Cannabis Deal Tracker - Week Ended November 1st, 2019
Capital raise activity reached a new low (with only 2 transactions last week vs. 22 transactions in the prior year period) and remains well below normal historical levels as the retrenchment in public and private market valuations is causing both issuers and investors to recalibrate.
Leafly, one of the oldest cannabis companies, raised debt to continue to grow operations as it cuts costs in order to operate more efficiently in a market where fundamentals are increasingly a part of the investor conversation.
Infused products makers with strong brands and definable market share continue to attract capital as is exemplified by 1906 raising $18 million to fuel growth.
Mergers & Acquisitions
Mergers and Acquisitions activity also slowed considerably (with only 2 transactions last week vs. 7 in the prior year period) as the most traditionally active acquirers (publicly traded MSOs and Canadian LPs) are in a weakened position due to declining stock prices and reduced cash balances.

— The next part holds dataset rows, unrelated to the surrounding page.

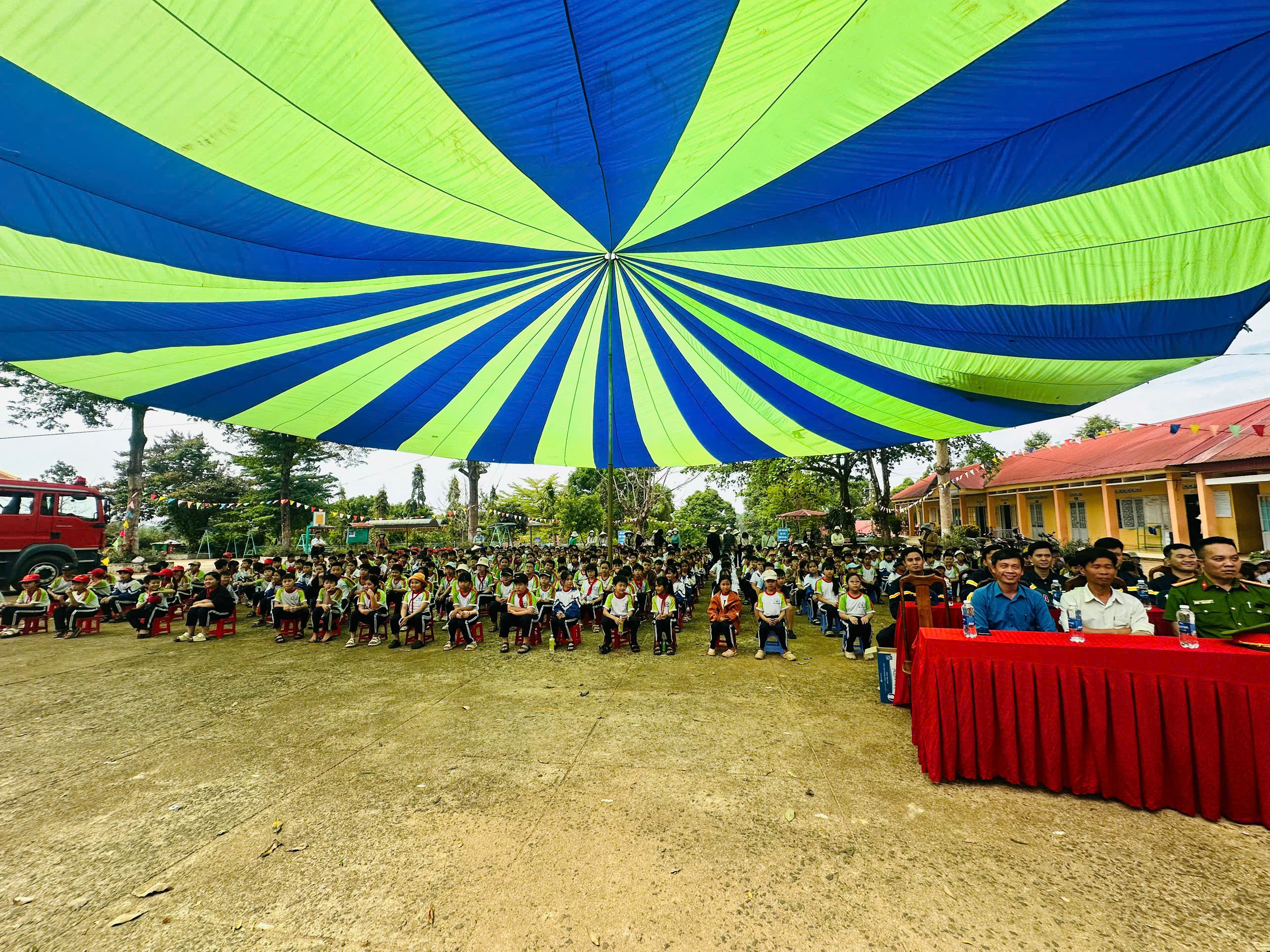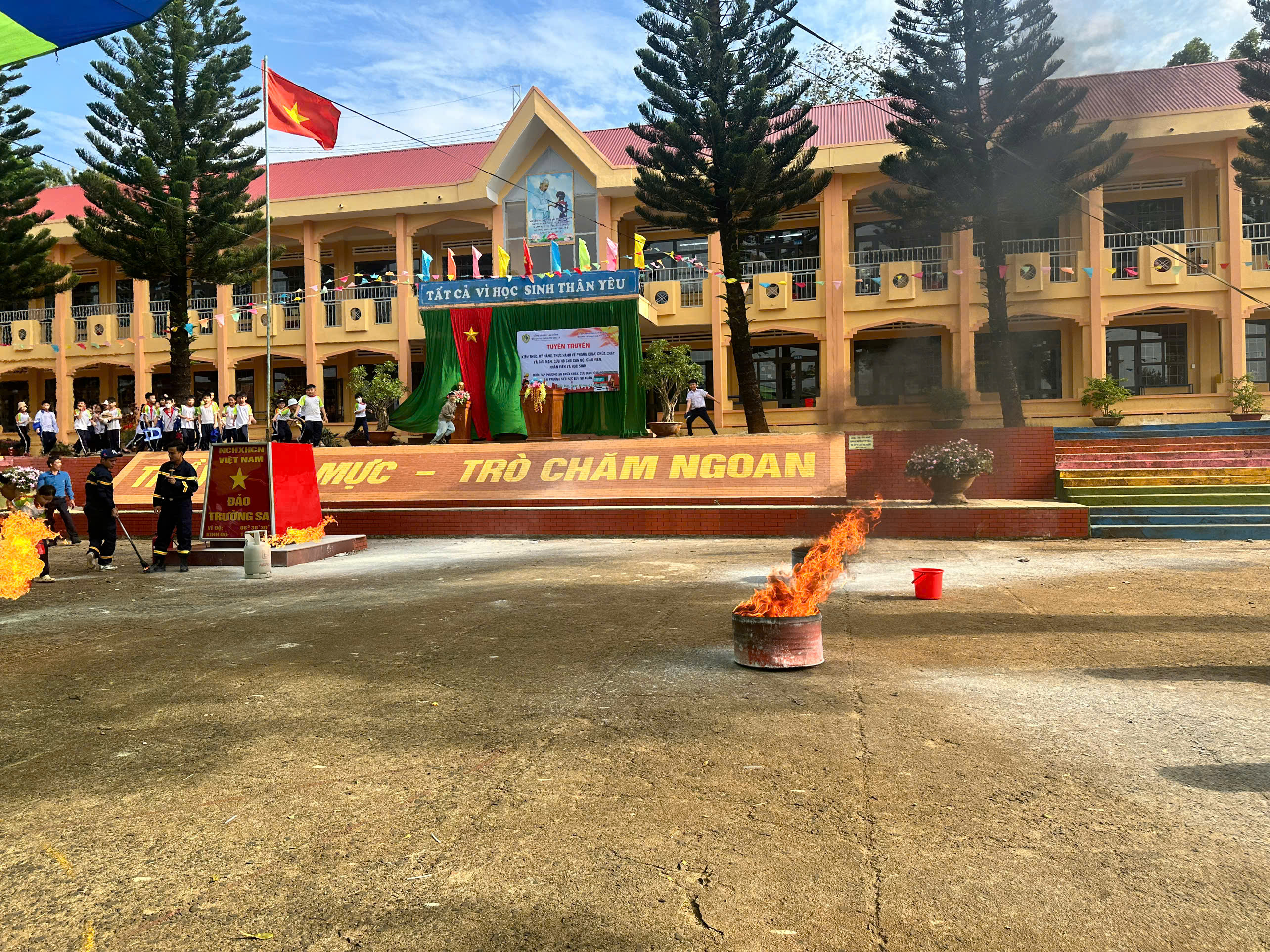 Chương trình diễn ra với sự tham gia của Ban Giám hiệu, 100% cán bộ, giáo viên, nhân viên, học sinh khối lớp 3,4 và lớp 5 cùng 12 cán bộ chiến sĩ, xe chữa cháy chuyên dụng từ Đội Cảnh sát PCCC & CNCH khu vực 13 CA tỉnh Lâm Đồng. Đây là hoạt động thiết thực nhằm thực hiện tốt phương châm “4 tại chỗ” về CC và CNCH, giúp nâng cao kỹ năng xử lý tình huống và xây dựng môi trường học tập an toàn.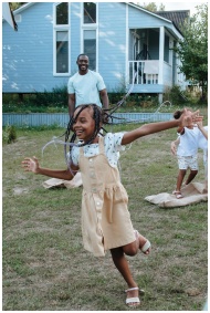 Children enjoy a playful day outdoors in a backyard, celebrating joy and togetherness.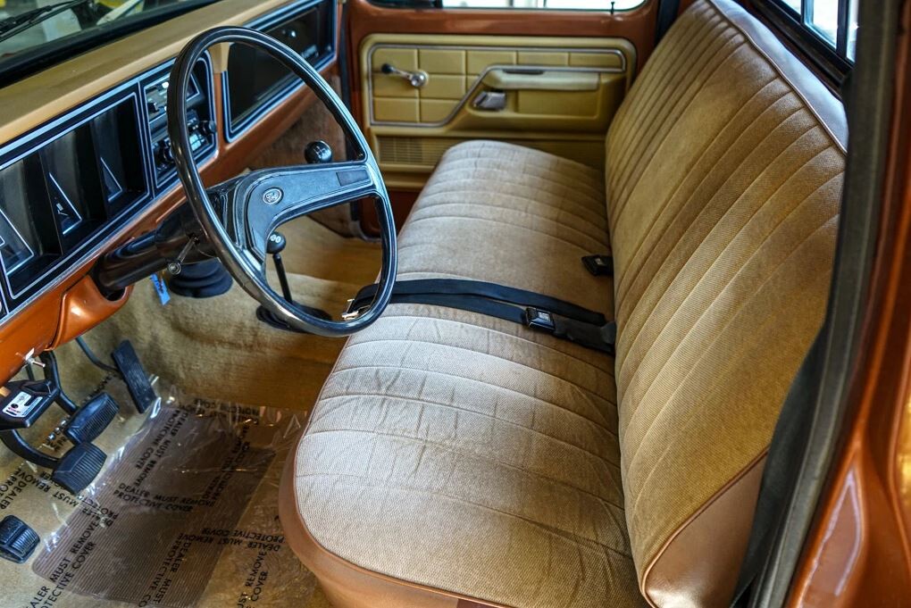 Being picky, I don’t think it’s original carpet. Way to perfect. No AC or other options is disappointing. I have a ’78 Supercab that has a really clean interior but paint is worn (patina as they say) with factory twin tanks, AC, cruise, tilt etc

We continue to see multi-state operators acquire assets in new geographies to expand footprint and more importantly strengthen the balance sheet. We are seeing a shift from a focus of expansion of footprint to a strengthening of balance sheets by acquiring assets with established revenue and earnings.
International expansion remains a focus for Canadian companies which are experiencing an oversaturated Canadian market. Europe is a focus with Germany at the lead as a result of its large, affluent population.